For many years, the English prohibited the Scots from owning weapons of any kind. The Scottish clans still gathered annually to prove their fitness, but they had to be both deceptive and creative.
They began to use everyday tasks to demonstrate their abilities like throwing rocks, tossing sheaves with a pitchfork, throwing a hammer, and one that many are still familiar with, the tossing of the caber (a telephone pole sized log).
When the Scots moved to the Appalachian Mountains by the hundreds of thousands beginning in the 1700s, they brought many of these traditions with them. The mountains and farming that came with their move to this area continued the tradition of hard work to eke out a living.
By the early 1900s, the tradition of strong folk built from hard labor continued in this area.
Bob Peoples, from Sinking Creek, worked hard on his farm and at the local rayon plant. He also got the itch for strength sports which were still in their infancy. He participated in the state championships for Olympic weightlifting but also took a special liking to the deadlift.
It is one of the most basic movements and tests of strength exhibited every day in basic labor and farming jobs. The deadlift is when the bar lays in front of the person and is simply lifted by the person bending down and standing erect.
Peoples loved the simplicity of the lift as the ultimate test for simple brute strength. He eventually broke the world record and took the limit to 725 pounds.
Another powerful back came to the hills of East Tennessee after Peoples’ prime. Unlike Peoples, who was a strong but wiry 180 pounds, this man was a mountain.
When a man of 250 pounds was unheard of, this behemoth spent most of his adult days closer to 400 than 300. Paul Anderson’s family moved to Carter County from Georgia and brought their prodigious son with them.
When Anderson attended a local carnival, he entertained the crowds by hitting the High Striker strongman challenge where he took the hammer and hit the puck and rung the bell at the top over and over.
When one of these awestruck onlookers reported this to Peoples, he thought it an exaggeration and demanded if such a man did exist, he should be brought to Peoples basement dungeon to test his strength.
When Anderson showed up, he nearly squatted the world record on his first attempt.
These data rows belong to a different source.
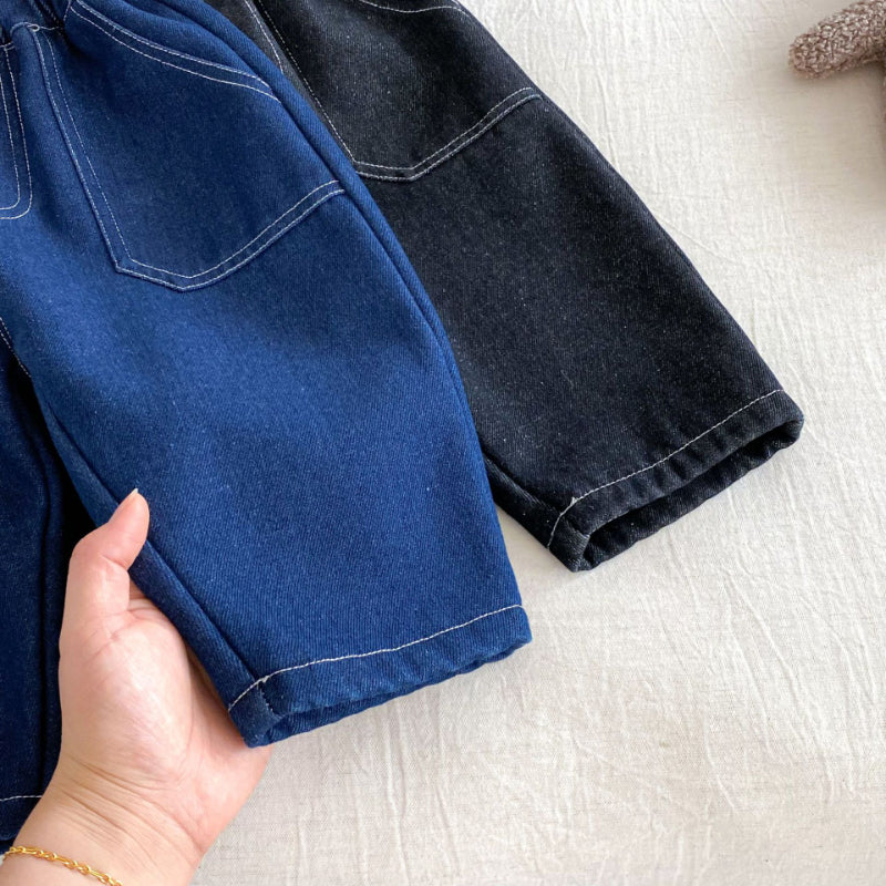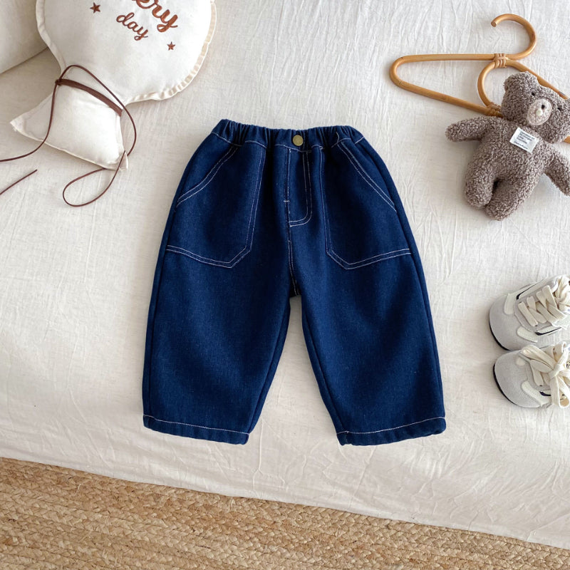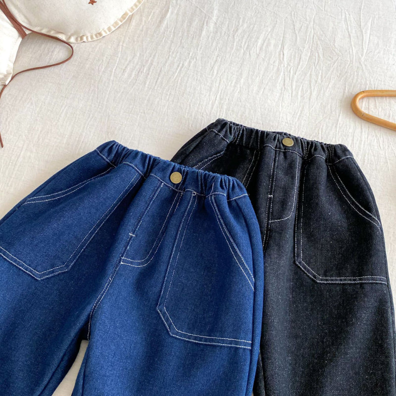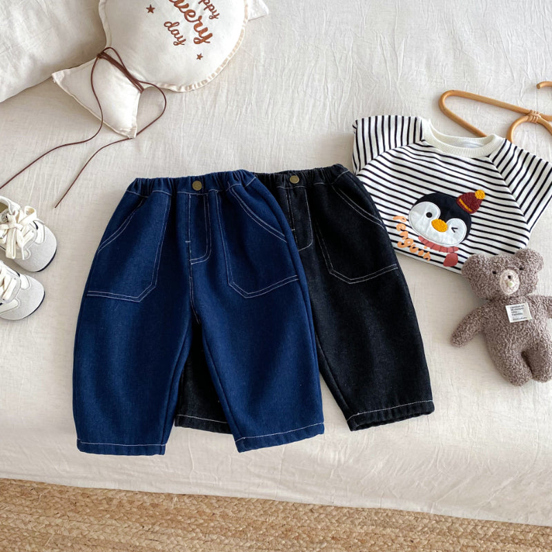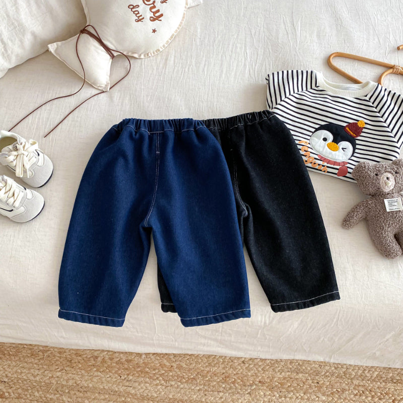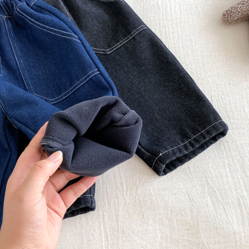 【73-120cm】 無地 裏起毛 デニムパンツ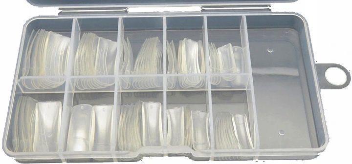 TIPSY CLEAR PRZEŹROCZYSTE 100 SZTUK Plastikowe tipsy w kasetce Tipsy są wykonane z tworzywa sztucznego. Są zapakowane w eleganckie i praktyczne pudełeczko w którym znajduje się 100 sztuk tipsów, po 10 sztuk z każdego z 10 rozmiarów. Kształt - kwadrat Tipsy bez kieszonki Ilość: 100 sztuk (po 10 szt z każdego z 10 rozmiarów). Opakowanie: pudełko plexi z przegródkami. 100 sztuk form w 10 rozmiarach, ułożone w poręcznym pudełeczku z przegródkami. 10 sztuk danego rozmiaru.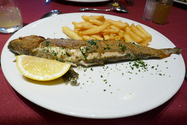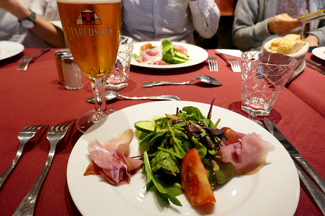 アルデンヌ産の生ハムで、他の生ハムとの違いはわからなかったけれど、おいしくいただきました。白身魚のムニエルもなかなかの味でしたよ。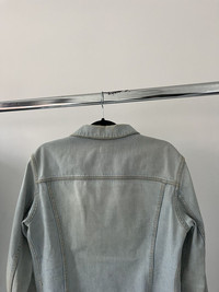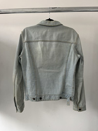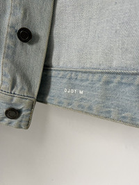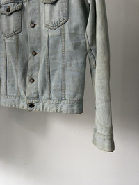 Iconic Saint Laurent Paris denim jacket from the Spring Summer 2014 collection, designed by Hedi Slimane. Features a vintage-inspired light wash with a perfectly worn-in look, signature of Slimane’s rock-influenced aesthetic during his tenure at the house. Beautiful fading and subtle distressing throughout. Slim tailored fit with buttoned chest pockets, side waist adjusters, and contrast stitching. Made in Italy. Tagged size L, fits M/L Great condition, all the wear is intentional. Button on the back is missing, no hinders while wearing. Easy fix. See photo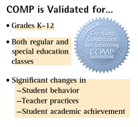 COMP is a systematic, research-based, research-proven approach to effective classroom management that increases academic achievement and reduces discipline problems and office referrals. This federally validated program is a proactive approach that guides teachers in creating effective learning environments for all students K-12 by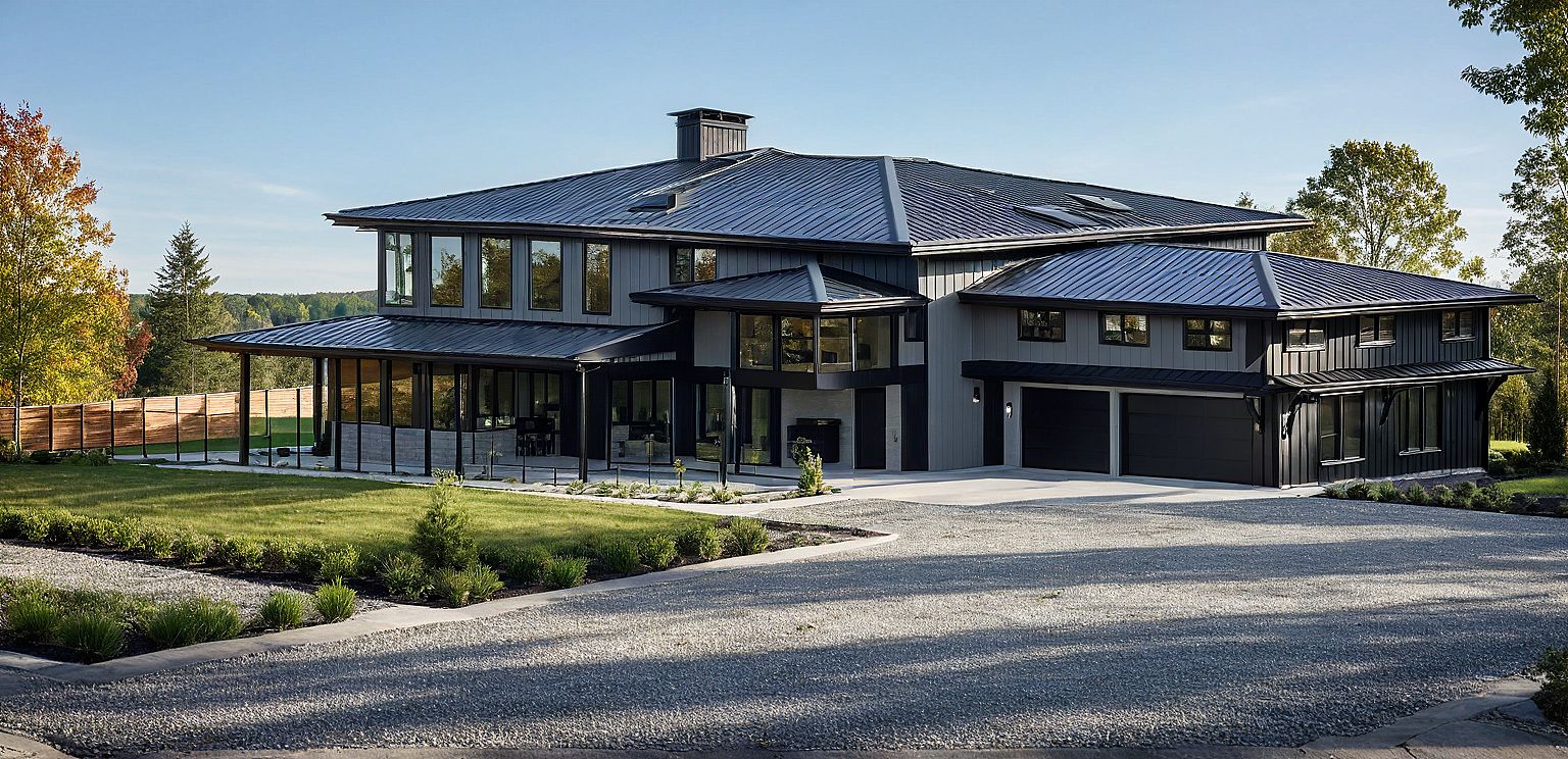 PromptRoof is standing seam black, Siding is light grey vertical board and baton, window and door trim is black, sunny day with light reflected in the windows, garage and foyer face a paved driveway with landscaping around it, interior lights are visible

People took the young man under his iron wing and soon the “Dixie Derrick” was born. Anderson went on to break world records in Olympic lifting, is the last American to win the superheavyweight gold medal at the Olympics (almost 70 years ago), among many other accolades.
Many still consider him to be the strongest man to ever live. He retired young and went into professional strongman in Reno and Las Vegas where he plowed his earnings into his passion, a youth home for troubled boys.
The genes of these and many nameless other powerful characters still run through the DNA of this region.
We see glimpses of this trait lying just under the surface explode through to greatness from time to time. Rich Froning, Jr. of Cookeville is the only man to win the CrossFit Games World Championship 4 times.
The current 231 lbs. weight class bench press record holder in the International Powerlifting Federation is Charlie Conner of Washington County who lifted over 713 lbs.
Jason Witten has become one of the greatest tight ends to ever play the bruising position in the NFL. The list could go on and on.
If you are wondering if you have it inside you to push world record limits (or maybe just get stronger, improve your strength, maintain your health, or drop some weight), you absolutely do.
Remember that many who walked these hills and valleys before you reached the pinnacle of strength. Their legacy lies in you, just waiting to be awakened.
So, lift those heavy weights, run on the treadmill a little longer, or push those times on the Tweetsie Trail a little lower.
Athletic greatness is part of your heritage.